EXERCISE GOAL
Reproduce the whole listing exactly and let no picture into the copy.

SOURCE DATA

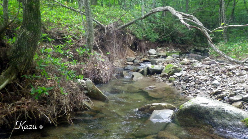 長雨の間の晴れ間の山岳渓流へ。 |
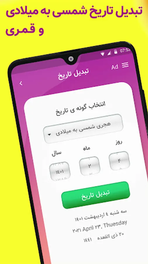 • امکان تبدیل تاریخ شمسی به میلادی و قمری
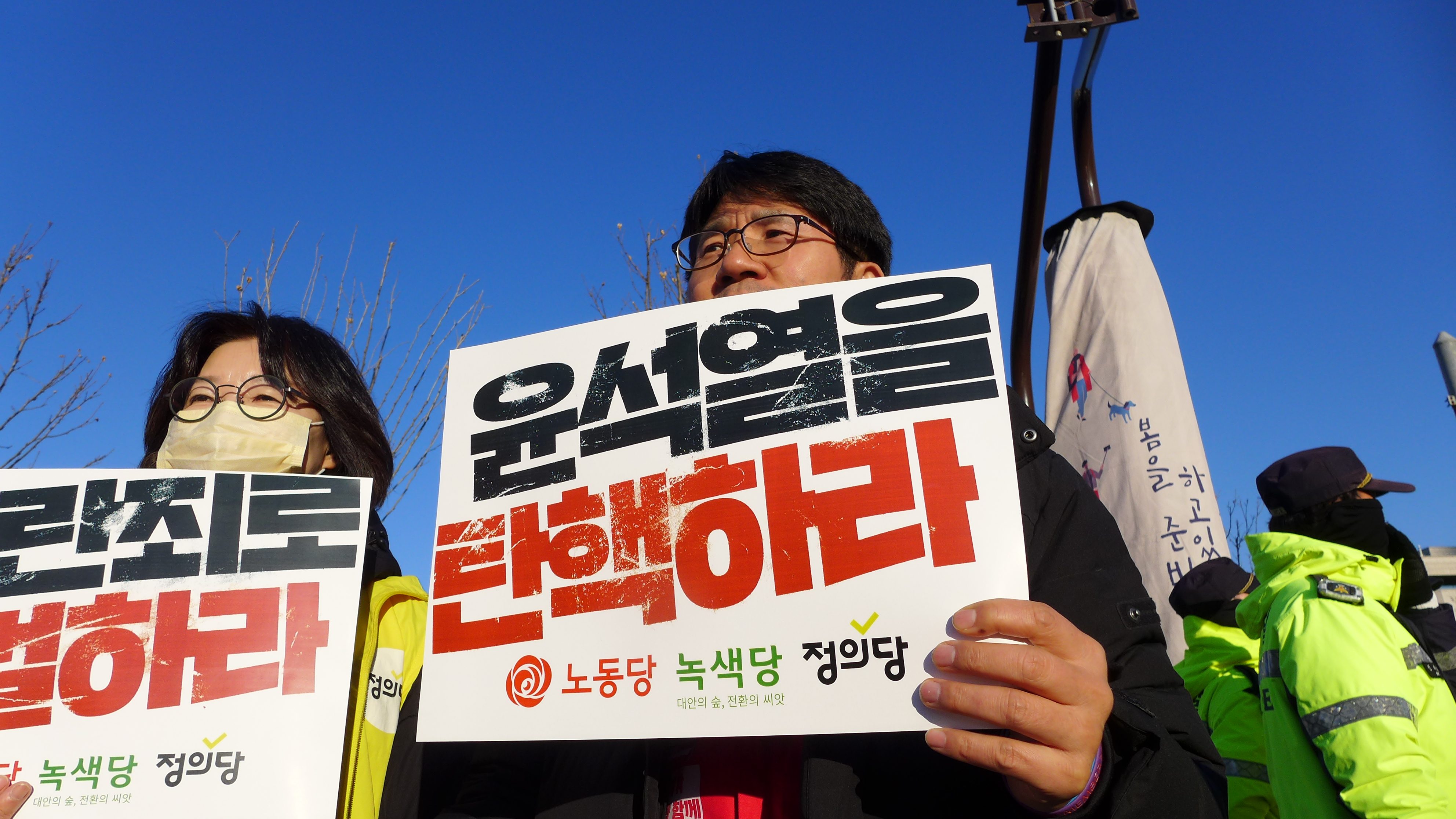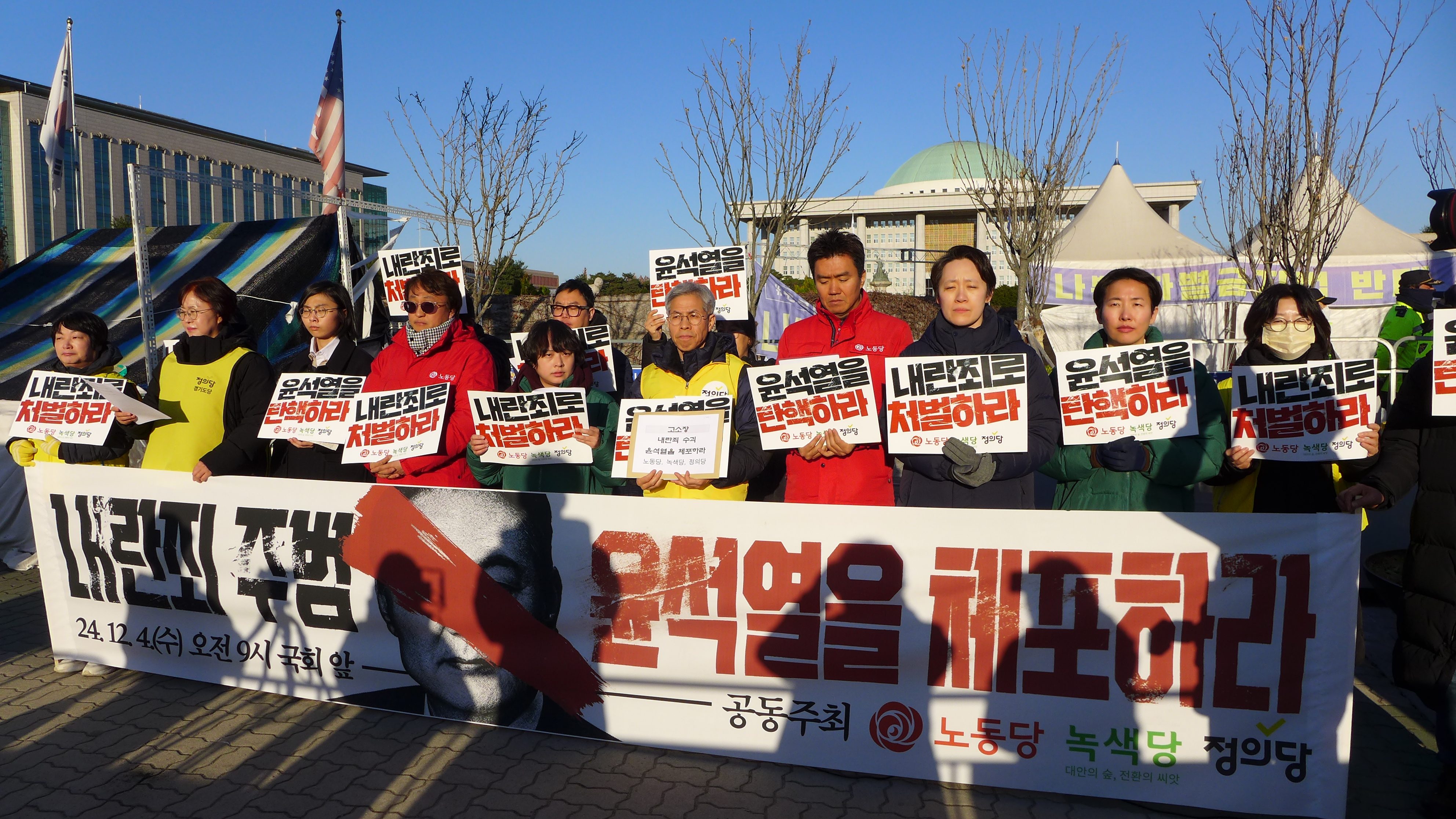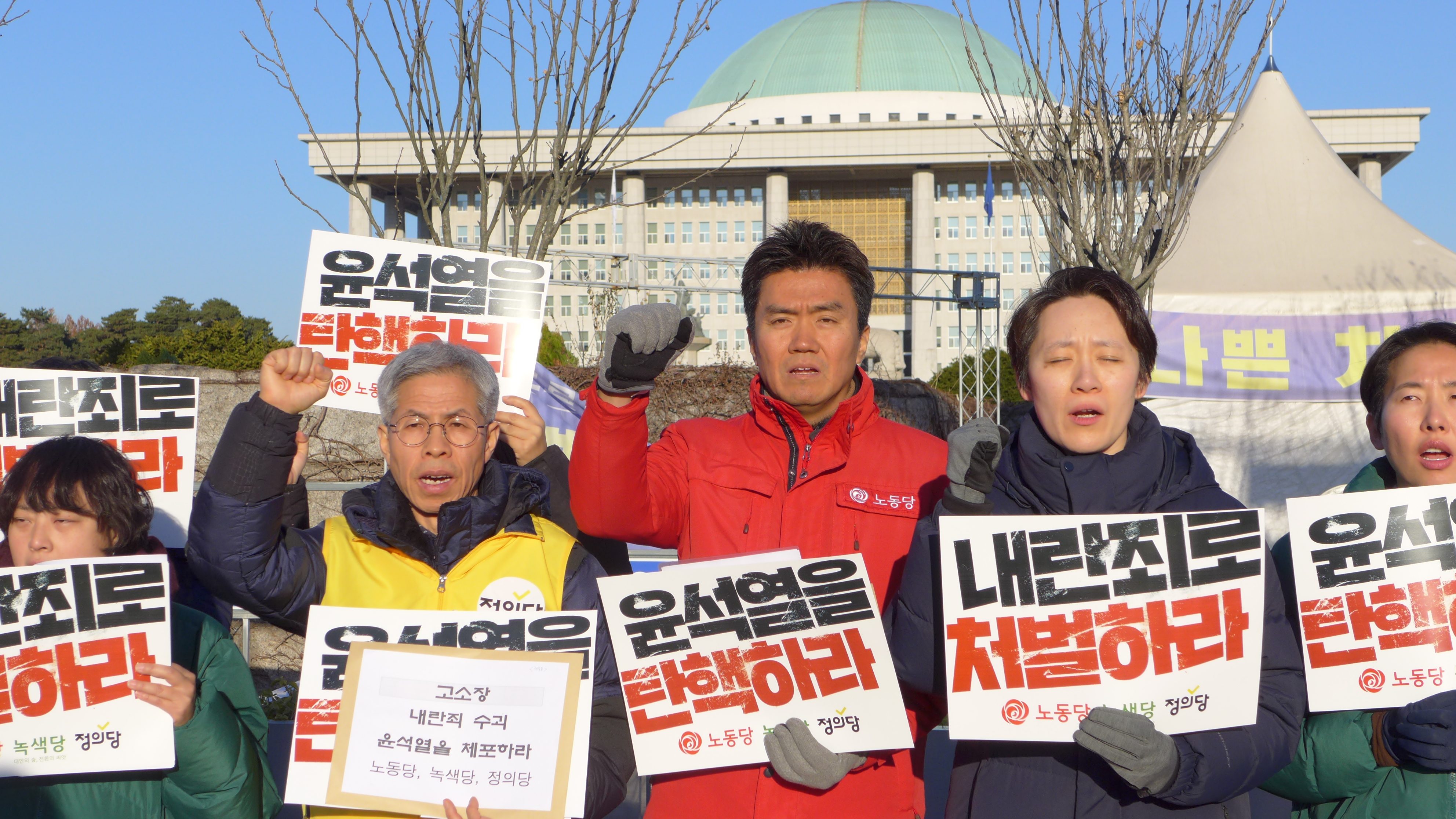 우리는 이번 사태를 통해 이런 대통령이 더 이상 21세기 대한민국과 공존할 수 없음을 확인했습니다. 윤석열은 더 이상 대통령 자격이 없습니다. 이제 그만 용산 집무실을 나와 감옥으로 갈 수 있도록, 진보 3당이 공동으로 윤석열을 내란죄로 고발합니다.

FINISHED EXERCISE
 長雨の間の晴れ間の山岳渓流へ。 |
 • امکان تبدیل تاریخ شمسی به میلادی و قمری
 우리는 이번 사태를 통해 이런 대통령이 더 이상 21세기 대한민국과 공존할 수 없음을 확인했습니다. 윤석열은 더 이상 대통령 자격이 없습니다. 이제 그만 용산 집무실을 나와 감옥으로 갈 수 있도록, 진보 3당이 공동으로 윤석열을 내란죄로 고발합니다.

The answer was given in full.